Month: June 2021 (Page 3 of 6)

This Day in History | June 18th

On June 18, 1812, the War of 1812 began with a U.S. declaration of war against Britain.

In 1815, Napoleon Bonaparte met defeat at Waterloo.

In1873, suffragist Susan B. Anthony was found guilty by a judge in Canandaigua, New York, of breaking the law by casting a vote in the 1872 presidential election. (The judge fined Anthony $100, but she never paid the penalty.)

In 1964, President Lyndon B. Johnson and Japanese Prime Minister Hayato Ikeda spoke to each other by telephone as they inaugurated the first trans-Pacific cable completed by AT&T between Japan and Hawaii.

In 1983, astronaut Sally K. Ride became America’s first woman in space.

In 2003, baseball Hall-of-Famer Larry Doby, who broke the American League’s color barrier in 1947, died in Montclair, N.J., at age 79.

 

This Day in History | June 15th

On June 15, 1215, following a revolt by the English nobility against his rule, King John puts his royal seal on Magna Carta, or “the Great Charter.”

In 1775, the Second Continental Congress voted unanimously to appoint George Washington head of the Continental Army.

In 1846, the U.S. – Canada boarder was established.

In 1864, Secretary of War Edwin M. Stanton signed an order establishing what is now Arlington National Cemetery in Virginia.

And also in 1864, during the Civil War, Ulysses S. Grant’s Army of the Potomac and Robert E. Lee’s Army of Northern Virginia collide for the last time as the first wave of Union troops attacks Petersburg, a vital Southern rail center 23 miles south of the Confederate capital of Richmond, Virginia.

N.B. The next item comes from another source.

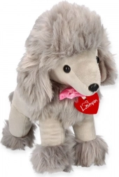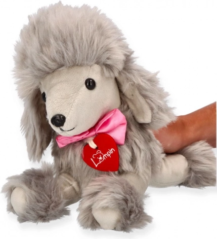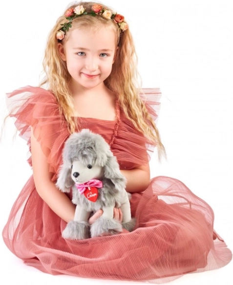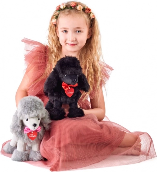 Pudel Lily ma mięciutki plusz, puszyste elementy oraz haftowane oczka i nosek – bezpieczne i przyjemne dla najmłodszych.

The two massive armies would not become disentangled until April 9, 1865, when Lee surrendered and his men went home.

In 1877, Henry Ossian Flipper, born into slavery in Thomasville, Georgia, in 1856, becomes the first African American cadet to graduate from the United States Military Academy at West Point, New York.

In 1902, the 20th Century Limited, an express passenger train between New York and Chicago, began service. (The Limited made its last run in December 1967.)

In 1955, following the Atomic Energy Act of 1954, the United States and Britain signed a cooperation agreement for “mutual defence purposes.”

This Day in History | June 14th

On June 14, 1775, the Continental Army, forerunner of the United States Army, was created.

In 1777, the Second Continental Congress approved the original American flag.

In 1846, a group of U.S. settlers in Sonoma proclaimed the Republic of California.

In 1922, Warren G. Harding became the first president heard on radio, as Baltimore station WEAR broadcast his speech dedicating the Francis Scott Key memorial at Fort McHenry.

In 1943, the U.S. Supreme Court ruled 6-3 that public school students could not be forced to salute the flag of the United States.

In 1954, President Dwight D. Eisenhower signed a measure adding the phrase “under God” to the Pledge of Allegiance.

In 1972, the Environmental Protection Agency ordered a ban on domestic use of the pesticide DDT.